Fabiano decide falar.
— A culpa foi minha. Eu a beijei.
Lisiane, um pouco envergonhada, abaixa a cabeça e depois, completa:
— Acho que eu me excedi também. Desculpa, Dona Verena!
A socialite encara os dois sérios.
— Aqui é uma empresa de respeito. Tudo bem, meu filho, que você passou por situações difíceis ultimamente, mas essas coisas não podem acontecer aqui dentro, não.
— Me perdoa, minha mãe, mas eu nem pensei na hora. Só queria estar com ela— diz Fabiano, se declarando pra Lisiane na frente da mãe. — eu não me importei com mais nada na hora. Tenho sentimentos, mãe!
Verena muda sua expressão e reconhece que o filho estava bem resolvido em relação aos sentimentos com aquela jovem.
— Lisiane. — ela o chama pelo nome e faz a jovem erguer os olhos e encará-la de frente. — não se preocupe com o seu emprego, ok? Longe de mim querer te prejudicar aqui!
Lisiane se alivia e Fabiano se sente mais tranquilo.
A gerente decide se pronunciar nesse instante.
— Se a senhora Verena permitir, eu posso estar recolocando a Lisiane em outro setor pra que não ocorra mais situações como essa.
— Não. Negativo! Os dois estão apaixonados. — declara Verena, pra surpresa de cada um ali na sala. — eu vejo o brilho dos olhos deles. Pra que afastar? Nada vai mudar. Lisiane continua conosco, na área que atua bem.
— Muito obrigada. — diz Lisiane, se pronunciando agora.
— Querida, fica tranquila! Eu gostaria de ter uma conversa agora à sós com ela. Permitem? — pede Verena, soberana.

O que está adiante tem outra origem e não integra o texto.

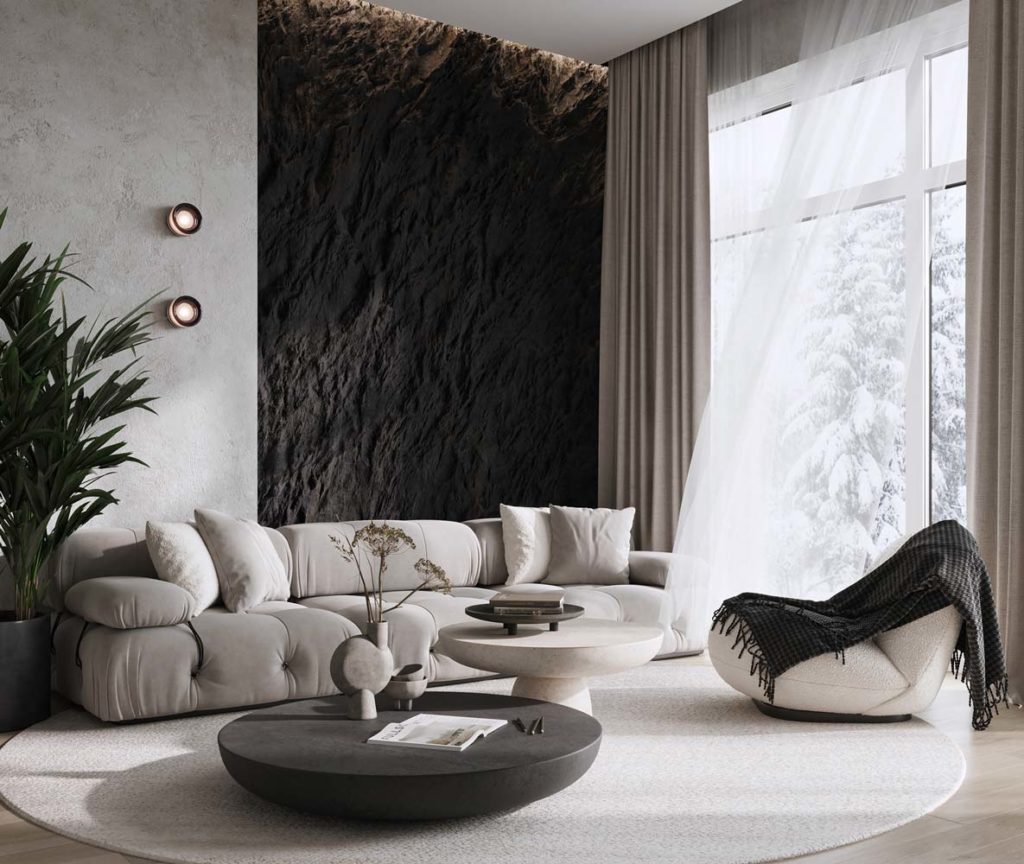 Un pan de mur en pierre apporte au salon une part d’authenticité ainsi qu’une atmosphère chaleureuse. Des assises et des meubles aux formes arrondies adoucissent l’aspect brut de la roche gris anthracite. Les coloris de la pièce s’accordent entre eux pour un ensemble sobre et neutre. Les teintes sombres d’un plaid et d’une table basse se marient avec le mur de pierre, tandis qu’un canapé, un tapis blanc et des rideaux semi-transparents apportent une touche de lumière et de légèreté.

Fabiano consente e beija o rosto da mãe e se retira em seguida da sala, com a chefe de sua amada.
Assim que fica mais à vontade com Lisiane, Verena lhe faz uma pergunta:
— Esse envolvimento com meu filho é sério?
Lisiane se pasma com a pergunta dela, mas responde tranquila:
— A gente está se conhecendo, Dona Verena.
— Suany sabia da relação de vocês dois?
— De alguma forma, sim. — revela Lisiane. — ela chegou até me propor pra eu me afastar de Fabiano, senão eu correria o risco de ir pra rua.
— E você não se afastou.
— É impossível não se afastar. Por mais que a gente tentasse se afastar um do outro, o nosso sentimento sempre vencia. Dona Verena, eu juro que não queria ficar no meio da Suany e do Fabiano. As coisas aconteceram naturalmente e depois, perdeu o controle.
— Ele gosta de você, Lisiane. E de verdade. Não o magoe! Não, mais! — ela pede, encarecidamente.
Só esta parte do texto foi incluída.